→ Required action: Reproduce, please, the line that holds "At Anna Zorina" and all later lines through the end of the entries below, exactly; omit pictures.

━━ Available records

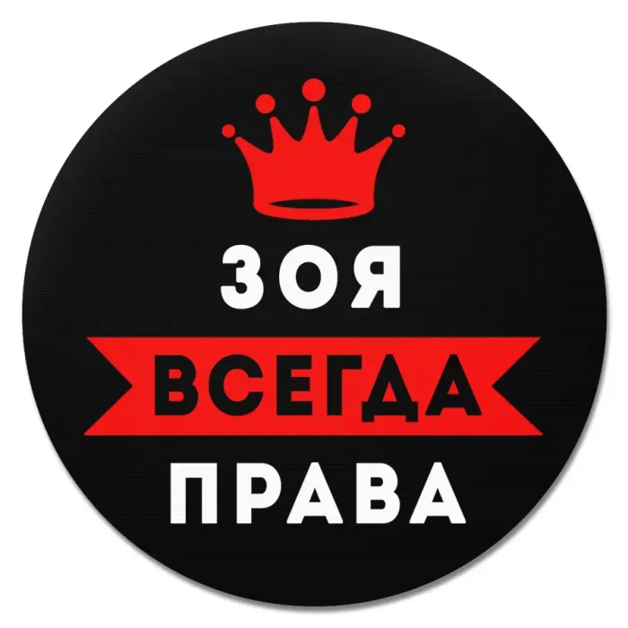 Коврик для мыши именной Зоя Всегда права, d.20см KM1360
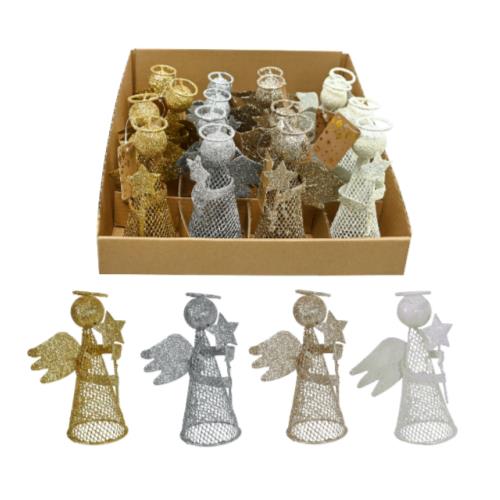 GLITTER METAL ANGEL 14cm ASST
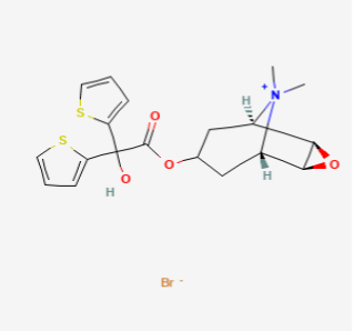 Tiotropium Bromide: [(1R,2R,4S,5S)-9,9-dimethyl-3-oxa-9-azoniatricyclo[3.3.1.0]nonan-7-yl] 2-hydroxy-2,2-dithiophen-2-ylacetate bromide
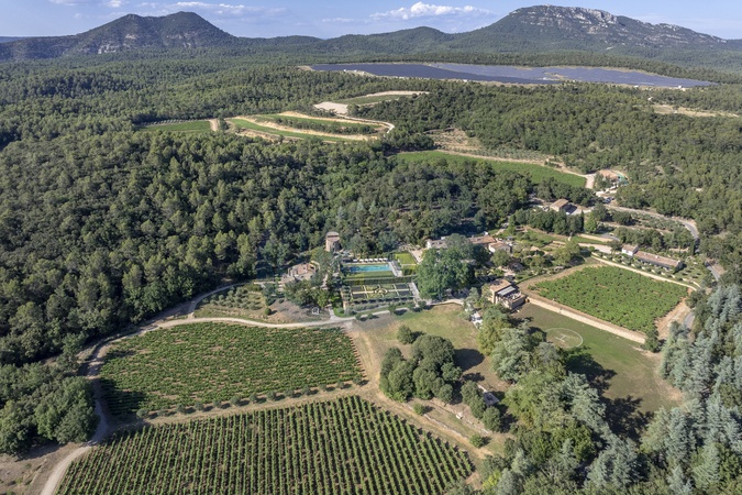 Widok z lotu ptaka na Chateau Margui, hotel i posiadłość winiarską George'a Lucasa w gminie Chateauvert, departament Var
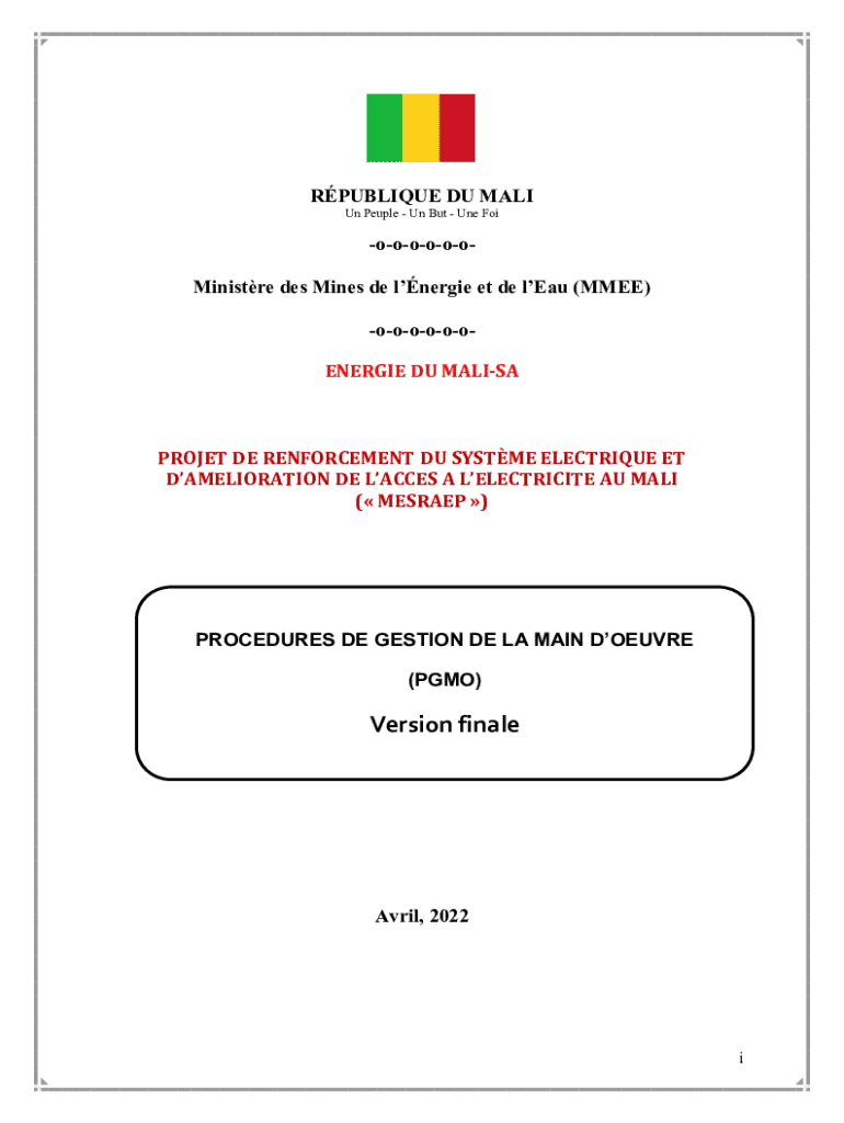 RPUBLIQUE DU MALI Un Peuple Un But Une FoiooooooMinistre des Mines de lnergie et de lEau (MMEE) ooooooENERGIE DU MALISAPROJET DE RENFORCEMENT DU SYSTME ELECTRIQUE ET DAMELIORATION DE LACCES A LELECTRICITE
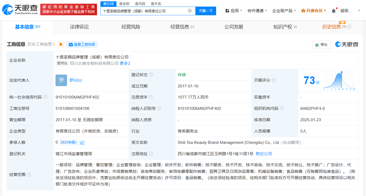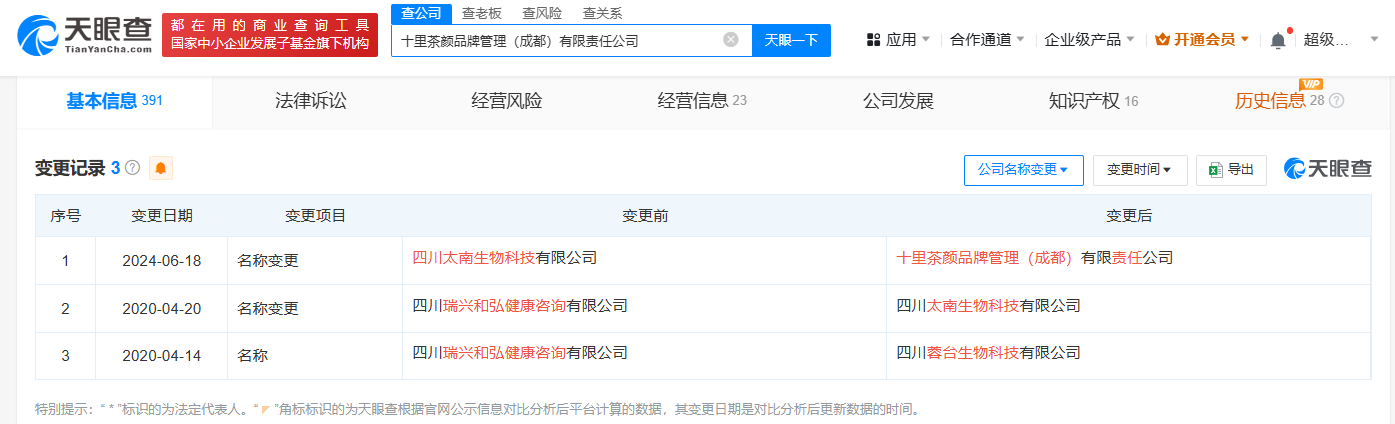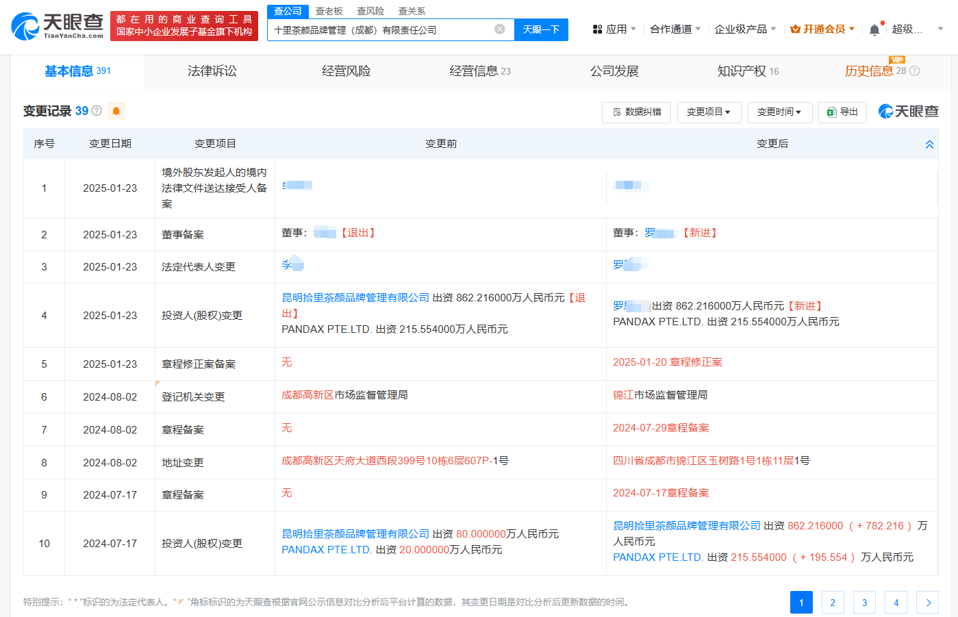 天眼查App显示,十里茶颜关联公司十里茶颜品牌管理(成都)有限责任公司成立于2017年1月,法定代表人为罗某某,注册资本1077.77万人民币,经营范围包括品牌管理、餐饮管理、企业管理咨询、企业管理等,由罗某某、PANDAX PTE.LTD.共同持股。变更记录显示,近期,该公司法定代表人、股东等发生变更。此前,该公司曾多次变更企业名称,曾用名包括四川太南生物科技有限公司、四川瑞兴和弘健康咨询有限公司。
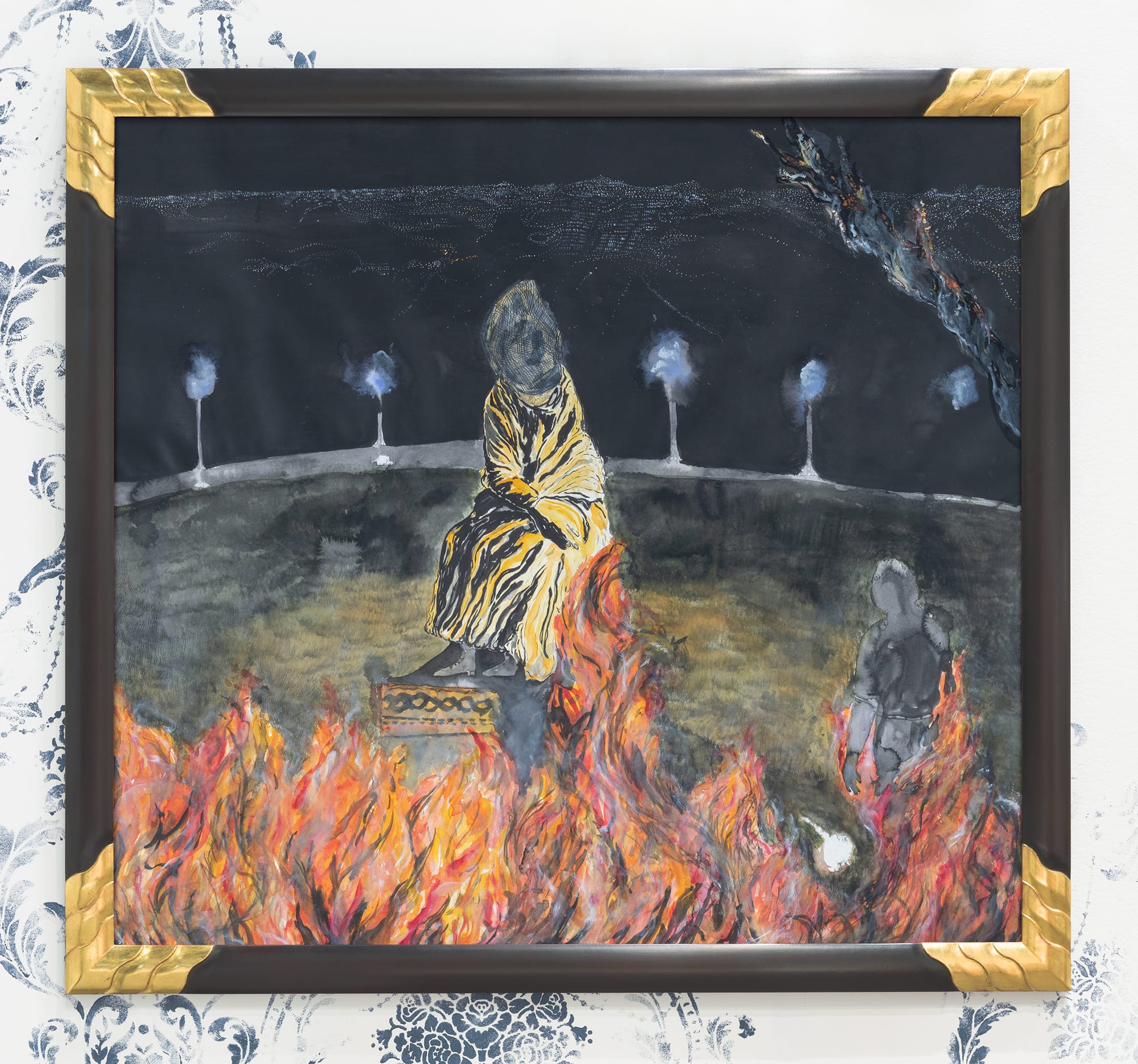 At Anna Zorina gallery: Kambui Olujimi, "Late Stage Love Affairs" (2021) watercolor on paper 40.75 x 44.5 inches (image courtesy Anna Zorina gallery)
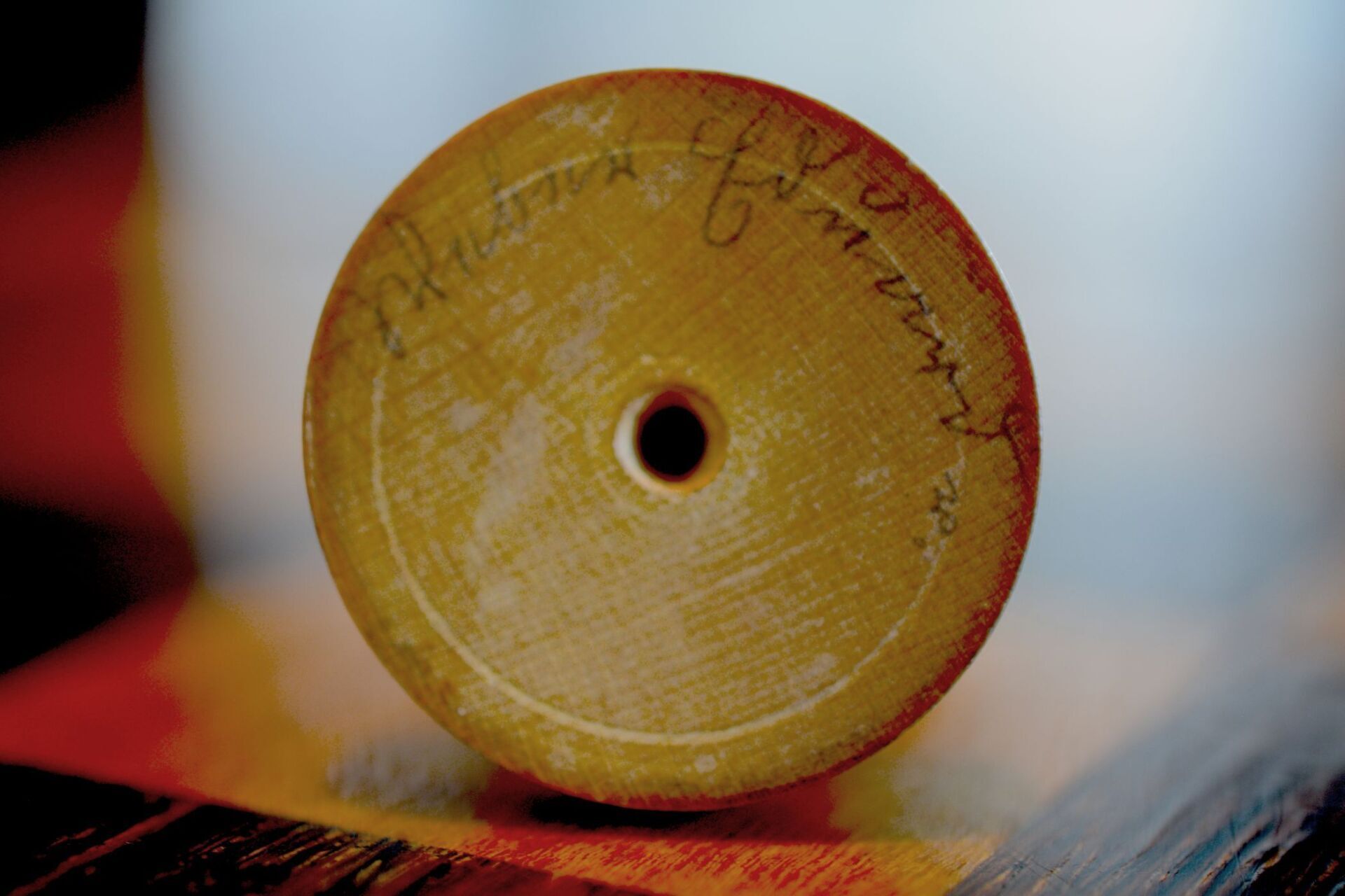 The similarity with sets of the Biedermeier period might lead to the conclusion that this set was made sometime in the first half of the 19th century, but this assumptions is in this case unjustified. Several pieces have pencil inscriptions written on the bases in Kurrent, which is also known as "German script" or "German cursive". Two of these inscriptions show the date 15 March 1882 ("15. März 82" and "1882 / 5. März"). Further, the same pieces are inscribed with a name, which to me reads "Eduard Kleber" or in the inverted version with the last name first "Kleber Eduard".

━━━━

→ Exercise answer:
 At Anna Zorina gallery: Kambui Olujimi, "Late Stage Love Affairs" (2021) watercolor on paper 40.75 x 44.5 inches (image courtesy Anna Zorina gallery)
 The similarity with sets of the Biedermeier period might lead to the conclusion that this set was made sometime in the first half of the 19th century, but this assumptions is in this case unjustified. Several pieces have pencil inscriptions written on the bases in Kurrent, which is also known as "German script" or "German cursive". Two of these inscriptions show the date 15 March 1882 ("15. März 82" and "1882 / 5. März"). Further, the same pieces are inscribed with a name, which to me reads "Eduard Kleber" or in the inverted version with the last name first "Kleber Eduard".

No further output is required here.